From the first line to the last, restate the data exactly, leaving out the images.

§ PROVIDED MATERIAL:
>>>

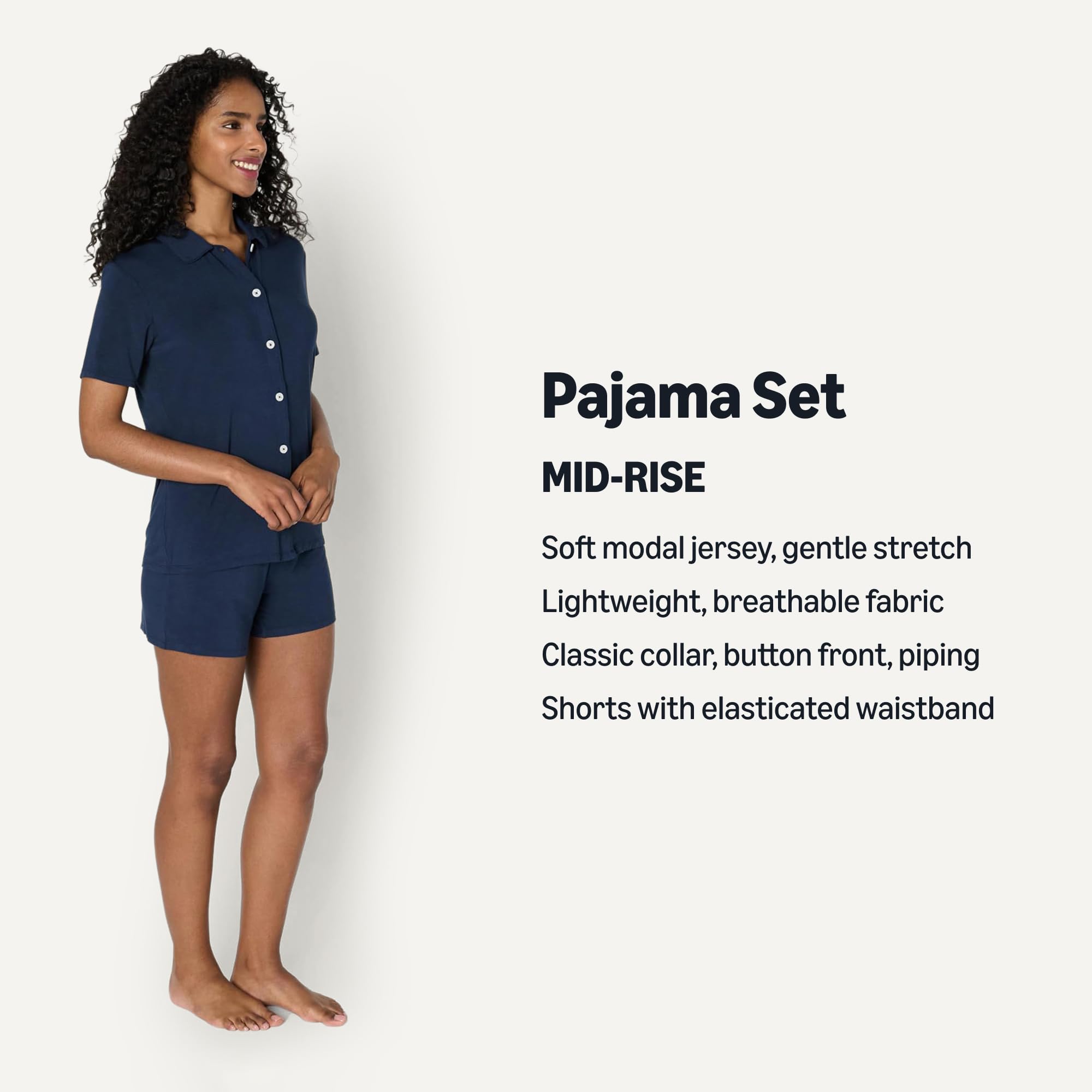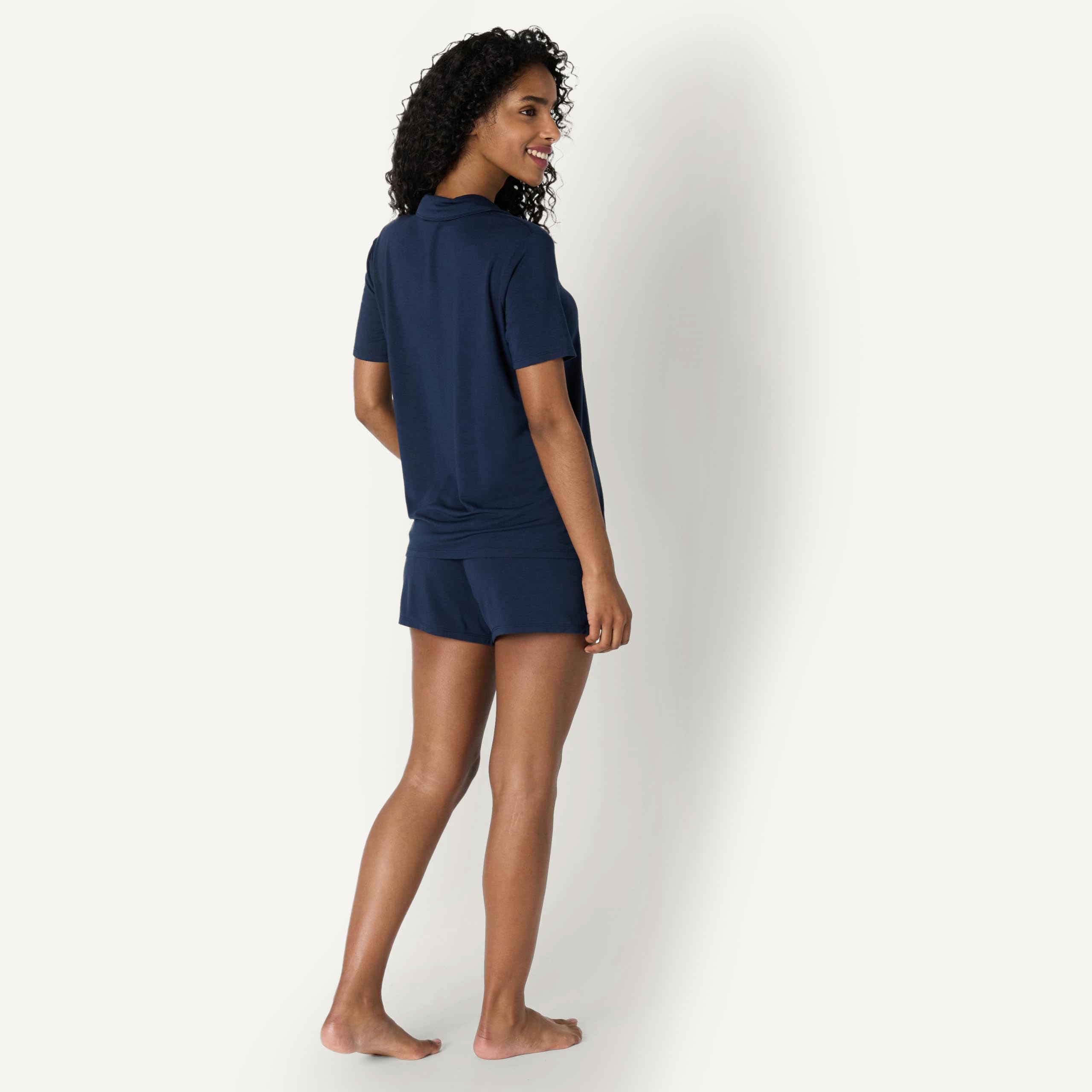 DETAILS: This set includes a button-front, short-sleeve top with a classic shirt collar and delicate piping at the front opening and collar. The shorts feature an elasticated waistband for a comfortable fit
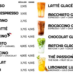 Pair your meal with a hot drink like the Caramel Macchiatto or a cold beverage like the Passion Tea or Iced Matcha for a refreshing experience.
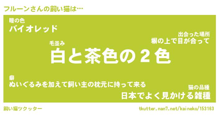 フルーンさんの飼い猫は… 毛並み『白と茶色の2色』瞳の色『バイオレッド』猫の品種『日本でよく見かける雑種』 ツクッター #飼い猫ツクッター http://tkutter.nan7.net/kaineko/153163/

<<<

§ YOUR SOLUTION:
 DETAILS: This set includes a button-front, short-sleeve top with a classic shirt collar and delicate piping at the front opening and collar. The shorts feature an elasticated waistband for a comfortable fit
 Pair your meal with a hot drink like the Caramel Macchiatto or a cold beverage like the Passion Tea or Iced Matcha for a refreshing experience.
 フルーンさんの飼い猫は… 毛並み『白と茶色の2色』瞳の色『バイオレッド』猫の品種『日本でよく見かける雑種』 ツクッター #飼い猫ツクッター http://tkutter.nan7.net/kaineko/153163/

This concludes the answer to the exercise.